Exercise requirements: Leave the pictures out. Retype exactly the lines below from the one containing "star_borderModal Upgrade PackageSAM" through the one containing "22 avr. 25seven", and no others.

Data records
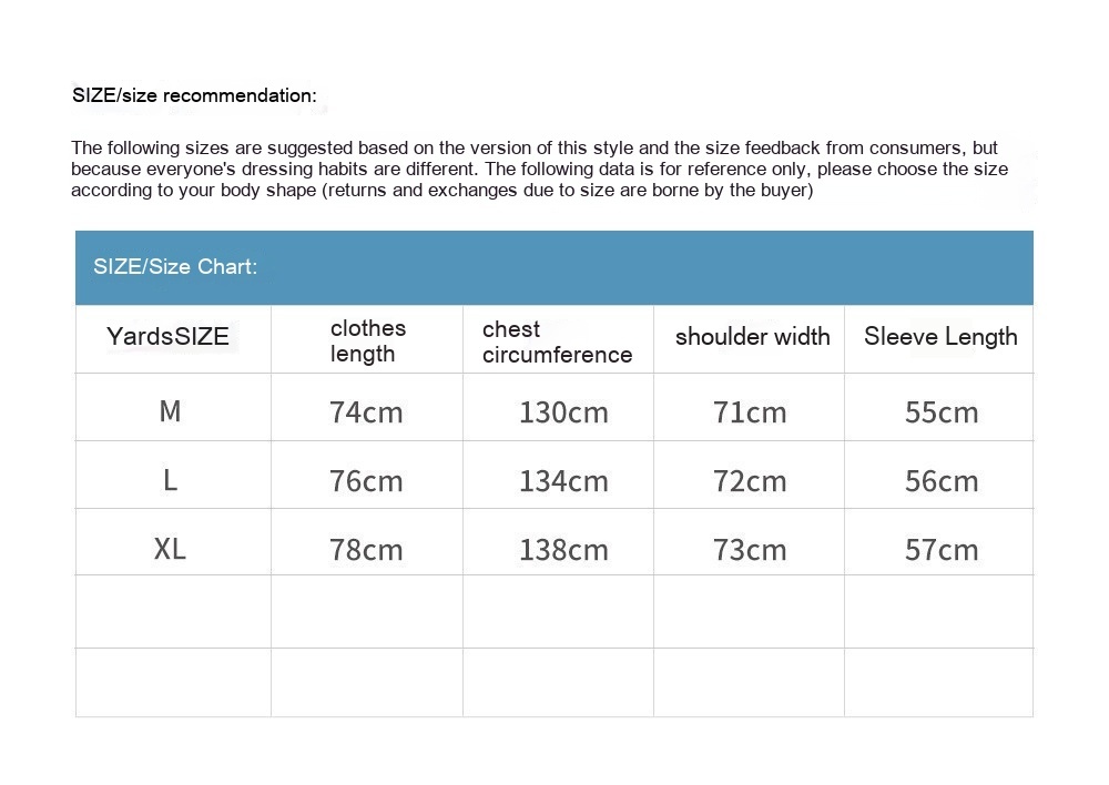 1. Asian sizes are 1 to 2 sizes smaller than European and American people. Choose the larger size if your size between two sizes. Please allow 2-3cm differences due to manual measurement. 2. Please check the size chart carefully before you buy the item, if you don't know how to choose size, please contact our customer service. 3.As you know, the different computers display colors differently, the color of the actual item may vary slightly from the following images.
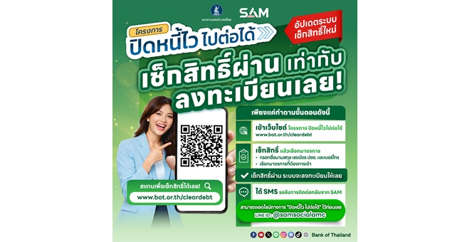 star_borderModal Upgrade PackageSAM เปิดช่องลูกหนี้ NPL เช็กสิทธิ์-ลงทะเบียน “ปิดหนี้ไว ไปต่อได้” ก่อนเที่ยวสงกรานต์ คลิกเดียวรู้ผลทันที ย้ำชัดระบบเช็กง่าย ปลอดภัย 100%10 Apr 2026 12:32
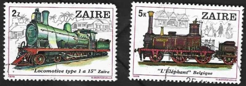 22 avr. 25seven lampsGent - 2 Postzegels Zaïre 1980 LocomotievenJaar 1980 maand 01 nominale waarde 5k volgnummer in uitgifte groep 3 „l’eléphant“, belgie nominale waarde 2z volgnummer in uitgifte groep 7 ontwerper/graveur bonnevalle, oscar [1920-1993]Affranchi Enlèvement ou Envoi
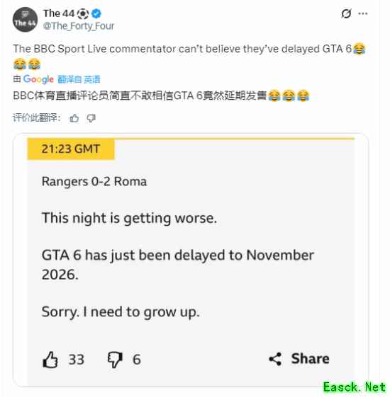 至于网友?那当然是“梗图时间”。甚至连BBC体育频道的记者在实况报道昨晚欧联足球赛(罗马vs格拉斯哥流浪者)时,顺手插入一句“《GTA6》又延期”的新闻:“这夜晚真是糟透了。《GTA6》刚宣布延期到2026年11月。”
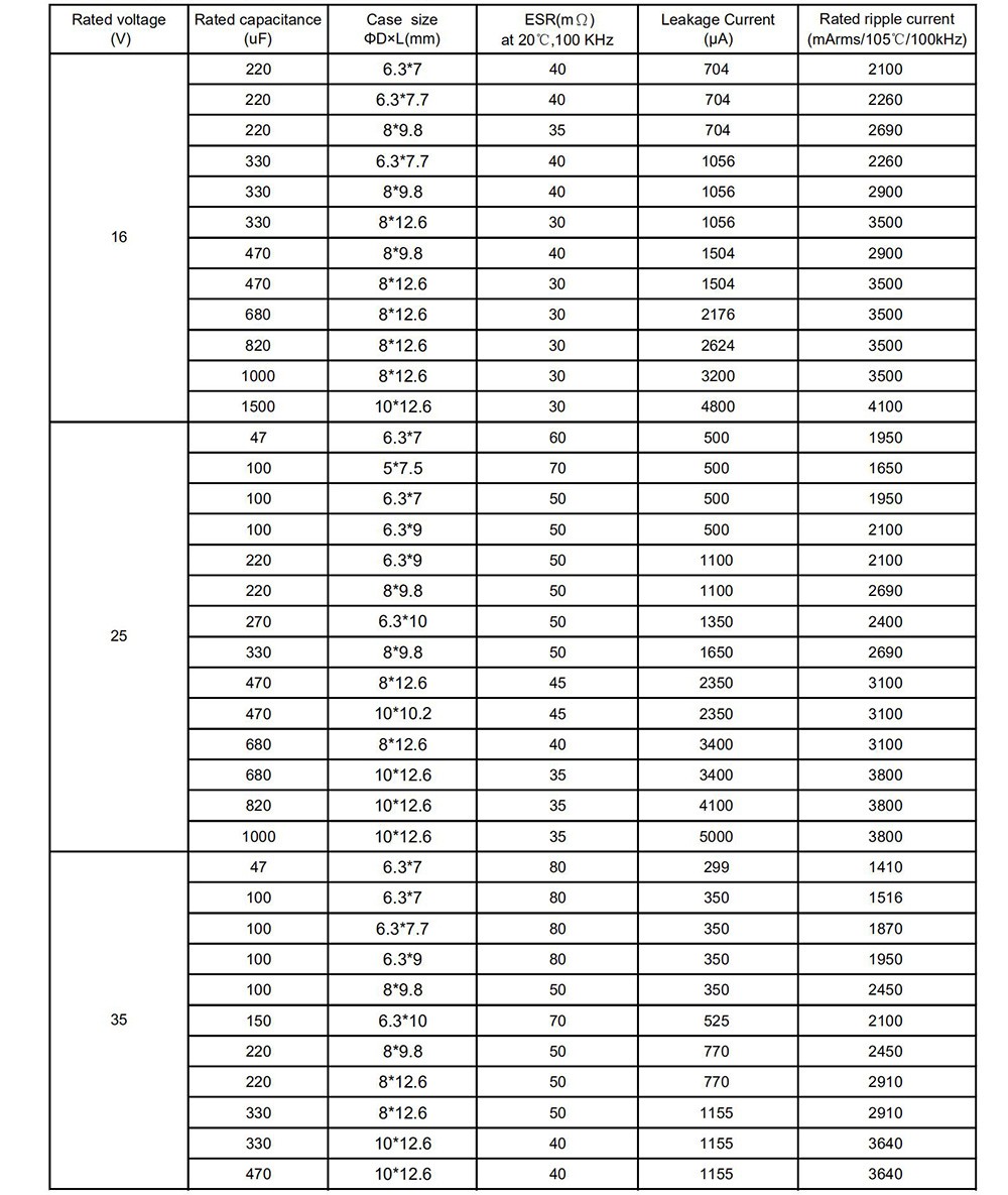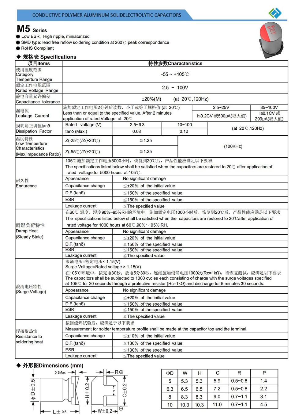 ● Low ESR, High ripple, miniaturized ● SMD type: lead free reflow soldering condition at 260℃ peak correspondence ● RoHS Compliant
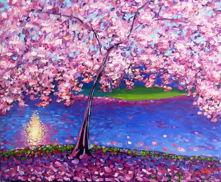 An original art piece by Narek titled "Blossom and Moon" Pink tree. This rare art piece will not be reproduced or copied. Narek completed this painting on 2024 using oil paint on canvas. The dimensions of the painting measures 54 cm (height) by 65 cm (width) by 2 cm (depth). The painting weighs ap...

Answer box:
 star_borderModal Upgrade PackageSAM เปิดช่องลูกหนี้ NPL เช็กสิทธิ์-ลงทะเบียน “ปิดหนี้ไว ไปต่อได้” ก่อนเที่ยวสงกรานต์ คลิกเดียวรู้ผลทันที ย้ำชัดระบบเช็กง่าย ปลอดภัย 100%10 Apr 2026 12:32
 22 avr. 25seven lampsGent - 2 Postzegels Zaïre 1980 LocomotievenJaar 1980 maand 01 nominale waarde 5k volgnummer in uitgifte groep 3 „l’eléphant“, belgie nominale waarde 2z volgnummer in uitgifte groep 7 ontwerper/graveur bonnevalle, oscar [1920-1993]Affranchi Enlèvement ou Envoi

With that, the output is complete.